The same is true of decades-old interview footage where Vonnegut confirms fairly obvious interpretations of his work, like Weide’s suggestion that Vonnegut used genre tropes to distance himself from the emotional intensity of his now-beloved earlier novels, like “Sirens of Titan” and “Cat’s Cradle.” With that said, there’s only so much to be learned from mischievously curt Vonnegut soundbites like “the science-fiction thing seemed to work.”

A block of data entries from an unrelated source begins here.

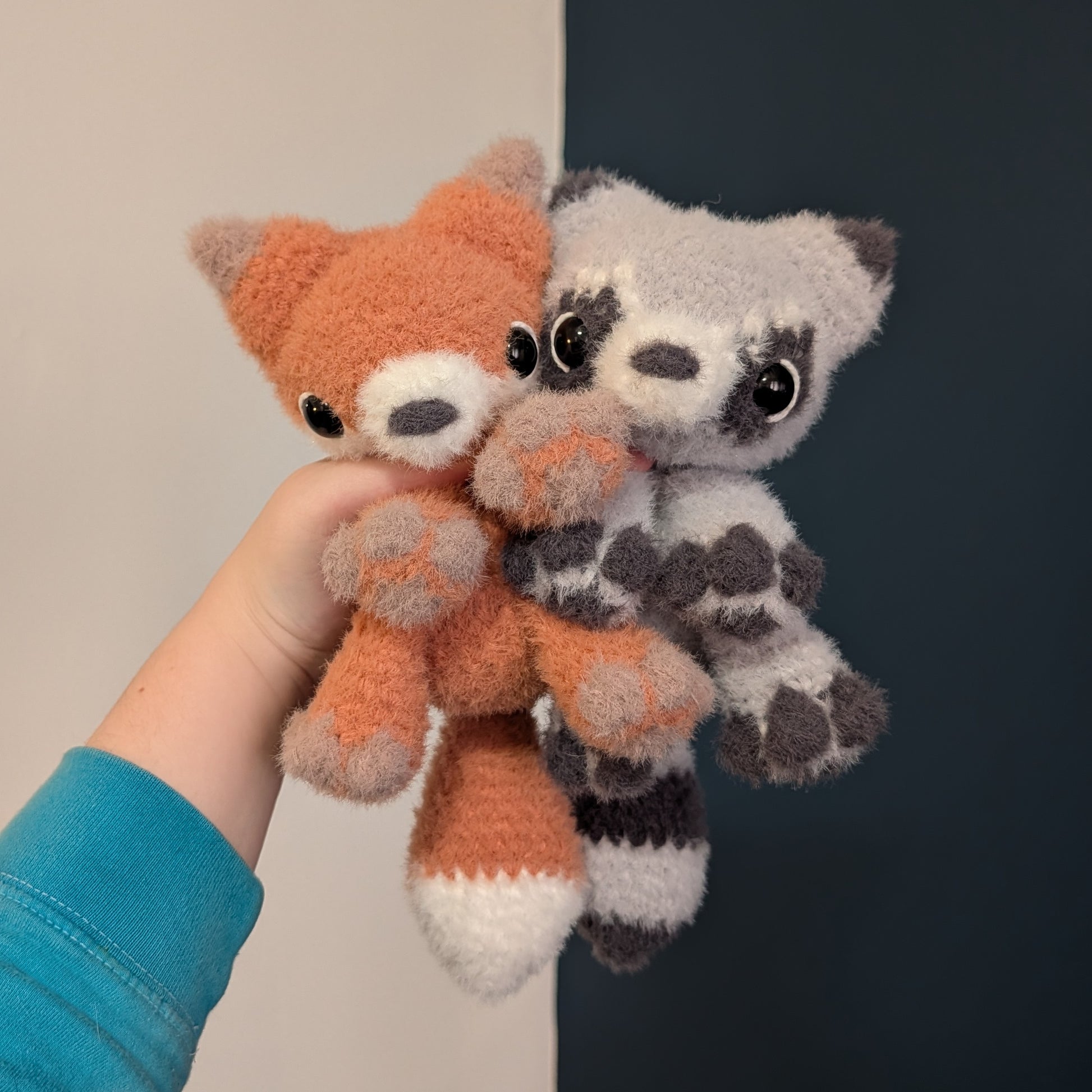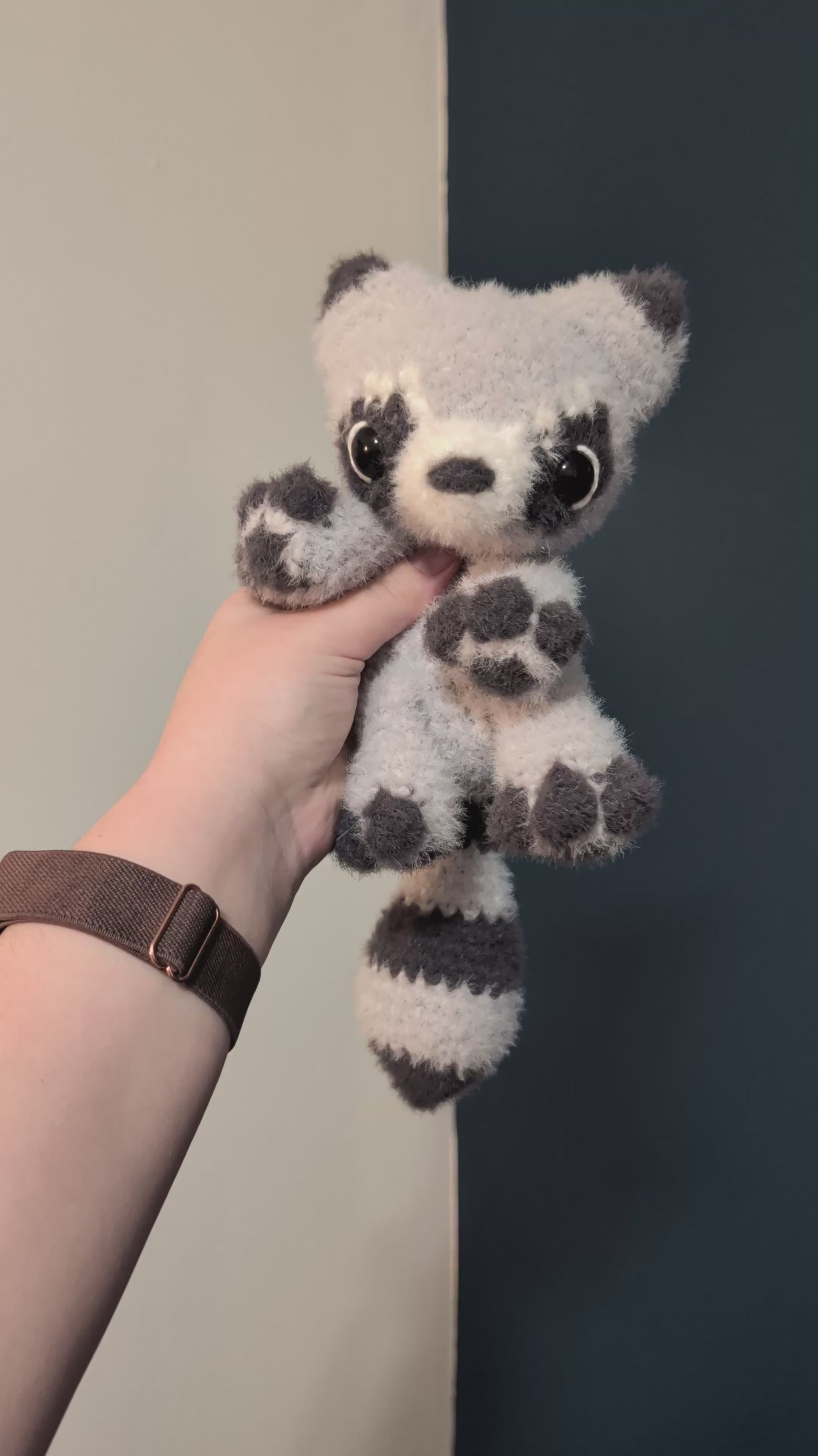 DelaraesCreations, Delaraes Creations, crochet plushie, amigurumi plush, stuffed animal, stuffed toy, stuffie, crochet raccoon, amigurumi raccoon, raccoon plushie, stuffed raccoon, raccoon pattern, trash panda, critter, weighted, fluffy, fuzzy
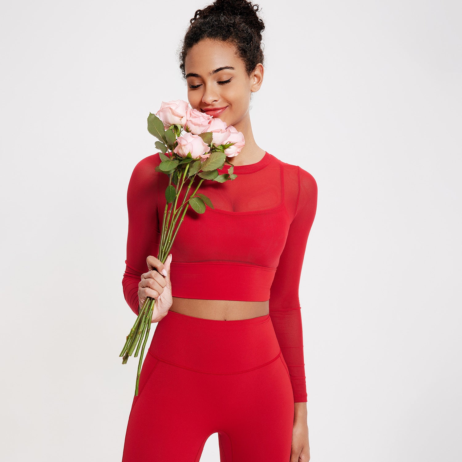 The solid pattern is enhanced with delicate lace, tulle, and fishnet elements, adding a touch of elegance to your casual wardrobe. With long sleeves and a short length, this versatile piece can be dressed up or down, making it a must-have for any fashion-forward individual.
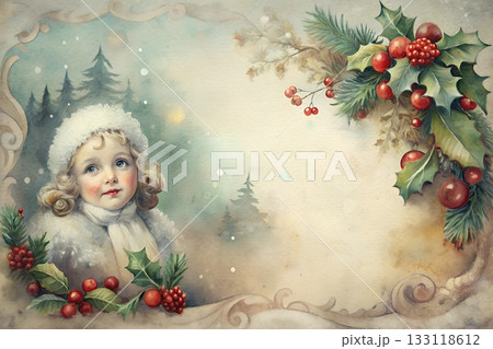 Vintage Christmas Portrait of Little Girl in Winter Coat with Holly, Watercolor Style with Copy Space
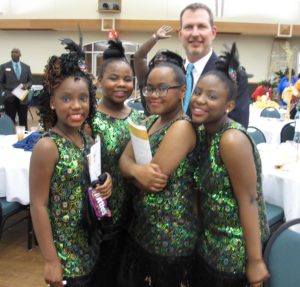 Four dancers from Miriam’s Army visit with School Board President, Pat Atkins. (Photo bombing mom in the background!)

Vonnegut’s family members and biographers provide the most intriguing material in “Kurt Vonnegut: Unstuck in Time”, but their interviews are too brief to enhance viewers’ appreciation of his work. His children raise some provocative questions about Kurt’s relationship with their mother Jane; biographer Gregory Sumner also suggests that Vonnegut had a lot to emotionally process during his divorce with Jane, given everything else that was going on in the world during the late 1970s. Still, you can’t really tell much from Sumner’s general observation that Vonnegut was “having a nervous breakdown in a culture that’s having a nervous breakdown.”
By trying to cover so many aspects of Vonnegut’s life, Argott and Weide leave viewers wondering about their ideal audience. Vonnegut’s work has been taught in American high-school English classes for decades now, so it makes sense that Argott and Weide (briefly) marvel at all the work that went into the final published version of “Slaughterhouse Five.” We’re shown various drafts of Vonnegut’s best-known work; we’re also told, by a couple of interviewees, that Vonnegut experienced the passage of time in the same discombobulated everything-at-the-same-time way as Billy Pilgrim, a time-traveling WWII vet who, in “Slaughterhouse Five”, also recovered corpses from Dresden’s smoking rubble.
But what are viewers supposed to think about Weide’s suggestion, during one of his many unremarkable-looking talking-head interviews, that Vonnegut was trying to “purge the whole Dresden experience from his soul” when he wrote “Slaughterhouse Five”? Should we know what that means because we’ve already read Vonnegut’s book, or is Weide’s interpretation proven by the fine-enough stock footage that Argott and Weide use to represent Dresden?
At one point, Vonnegut himself refers to “Slaughterhouse Five” as “my famous Dresden novel,” but that doesn’t suggest much more coming from him than when fellow author John Irving commends Vonnegut’s work for proving that “if you’re going to be serious, you better be entertaining.” Vonnegut’s fans probably understand what Irving means, but viewers of “Kurt Vonnegut: Unstuck in Time” might not feel so enlightened.
“Kurt Vonnegut: Unstuck in Time” opens Friday in theaters and on-demand.